Copying task for the records below: reproduce each one exactly and drop the pictures.

================

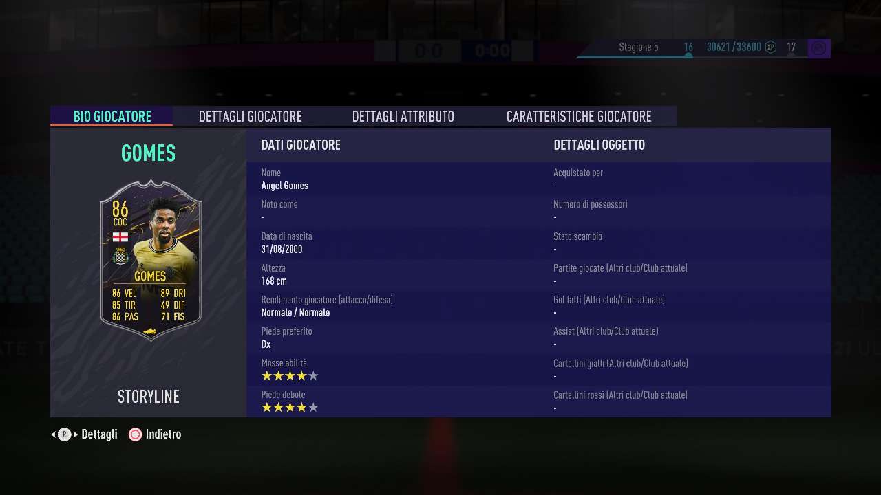 La scelta più indicata della prima ondata di Storyline della Season 5 di FIFA 21 è decisamente quella che cade su Angel Gomes, il centrocampista offensivo del Boavista di nazionalità inglese. Vuoi per le sua stats, molto complete seppur non eccellenti, ma anche per il fatto ibridabilità, il giovane trequartista è sicuramente la scelta più indicate delle ricompense di Livello 15, seppur non si tratta di un campionissimo. Le sue doti migliori sono sicuramente il dribbling e il passaggio, ma con quel workrate medio medio lo rende un giocatore decisamente molto “manuale” e, dunque, sta al giocatore imparare a sfruttarlo come si deve.
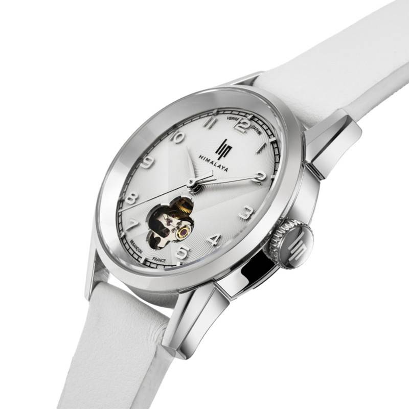 Le cadran, véritable pièce de résistance de cette montre, est orné d'une ouverture en ''cœur ouvert'', laissant entrevoir son précieux mécanisme automatique. Le choix de chiffres arabes et d'index affublé d'un chemin de fer assure une lisibilité optimale. La palette des couleurs blanche et grise, subtilement utilisée, enrichit cette montre d'un éclat sobre mais distinctif. La précision des détails est soulignée par la présence d'un unique bouton remontoir qui renforce l'esthétique épurée du modèle.
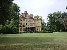 A fachada traseira, de estilo tardo-renascentista, é caracterizada por um grande pórtico de ordem toscana.
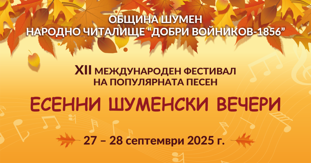 Please, be welcome on the 12th International Popular Song Festival “Autumn Evenings in Shumen”. Singers from Bulgaria, Ukraine and Moldova will compete between 10 AM and 5.30 PM. From 7.30 PM on Saturday evening, you can enjoy an explosive rock night.
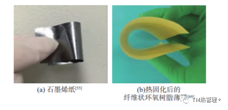静电纺丝技术是一种制备纳米/亚微米级材料的特殊方法,因其方便、灵活、操作简单等特点,在制备亚微米/纳米级材料方面受到广泛关注。木质纤维素、高聚物、复合材料、半导体材料、陶瓷材料等很多种材料都适用电纺丝法。静电纺丝技术也可以用于制备导热纸。Zeng等人报道了一种以环氧树脂为原料,通过静电纺丝技术成形的柔性纤维外延基板,具有优异的柔韧性、高导热性和低介电常数。材料热导率可以通过改变纤维的直径来调节,可达0.8W/(m·K),比旋涂成形的浇铸环氧树脂基板高 3 倍。这归因于静电纺丝过程中形成的聚合物分子链排列和纤维结构。该薄膜如图 4(b)所示。谭岑孝利用静电纺丝并结合抽滤和旋涂的方法,以电纺热塑性聚氨酯弹性体橡胶 (TPU) 纤维膜作为支架,并以石墨烯纳米带和BNNS分别作为导电和导热的活性材料,制备了基于层压纳米复合材料的柔性可拉伸传感器。该材料 (BNNS质量分数 30%) 热导率为1.076 W/(m·K),与纯 TPU 层的热导率 0.404 W/(m·K)相比,提高了266%。

================

◆ OUTPUT OF THE TASK ◆
 La scelta più indicata della prima ondata di Storyline della Season 5 di FIFA 21 è decisamente quella che cade su Angel Gomes, il centrocampista offensivo del Boavista di nazionalità inglese. Vuoi per le sua stats, molto complete seppur non eccellenti, ma anche per il fatto ibridabilità, il giovane trequartista è sicuramente la scelta più indicate delle ricompense di Livello 15, seppur non si tratta di un campionissimo. Le sue doti migliori sono sicuramente il dribbling e il passaggio, ma con quel workrate medio medio lo rende un giocatore decisamente molto “manuale” e, dunque, sta al giocatore imparare a sfruttarlo come si deve.
 Le cadran, véritable pièce de résistance de cette montre, est orné d'une ouverture en ''cœur ouvert'', laissant entrevoir son précieux mécanisme automatique. Le choix de chiffres arabes et d'index affublé d'un chemin de fer assure une lisibilité optimale. La palette des couleurs blanche et grise, subtilement utilisée, enrichit cette montre d'un éclat sobre mais distinctif. La précision des détails est soulignée par la présence d'un unique bouton remontoir qui renforce l'esthétique épurée du modèle.
 A fachada traseira, de estilo tardo-renascentista, é caracterizada por um grande pórtico de ordem toscana.
 Please, be welcome on the 12th International Popular Song Festival “Autumn Evenings in Shumen”. Singers from Bulgaria, Ukraine and Moldova will compete between 10 AM and 5.30 PM. From 7.30 PM on Saturday evening, you can enjoy an explosive rock night.
静电纺丝技术是一种制备纳米/亚微米级材料的特殊方法,因其方便、灵活、操作简单等特点,在制备亚微米/纳米级材料方面受到广泛关注。木质纤维素、高聚物、复合材料、半导体材料、陶瓷材料等很多种材料都适用电纺丝法。静电纺丝技术也可以用于制备导热纸。Zeng等人报道了一种以环氧树脂为原料,通过静电纺丝技术成形的柔性纤维外延基板,具有优异的柔韧性、高导热性和低介电常数。材料热导率可以通过改变纤维的直径来调节,可达0.8W/(m·K),比旋涂成形的浇铸环氧树脂基板高 3 倍。这归因于静电纺丝过程中形成的聚合物分子链排列和纤维结构。该薄膜如图 4(b)所示。谭岑孝利用静电纺丝并结合抽滤和旋涂的方法,以电纺热塑性聚氨酯弹性体橡胶 (TPU) 纤维膜作为支架,并以石墨烯纳米带和BNNS分别作为导电和导热的活性材料,制备了基于层压纳米复合材料的柔性可拉伸传感器。该材料 (BNNS质量分数 30%) 热导率为1.076 W/(m·K),与纯 TPU 层的热导率 0.404 W/(m·K)相比,提高了266%。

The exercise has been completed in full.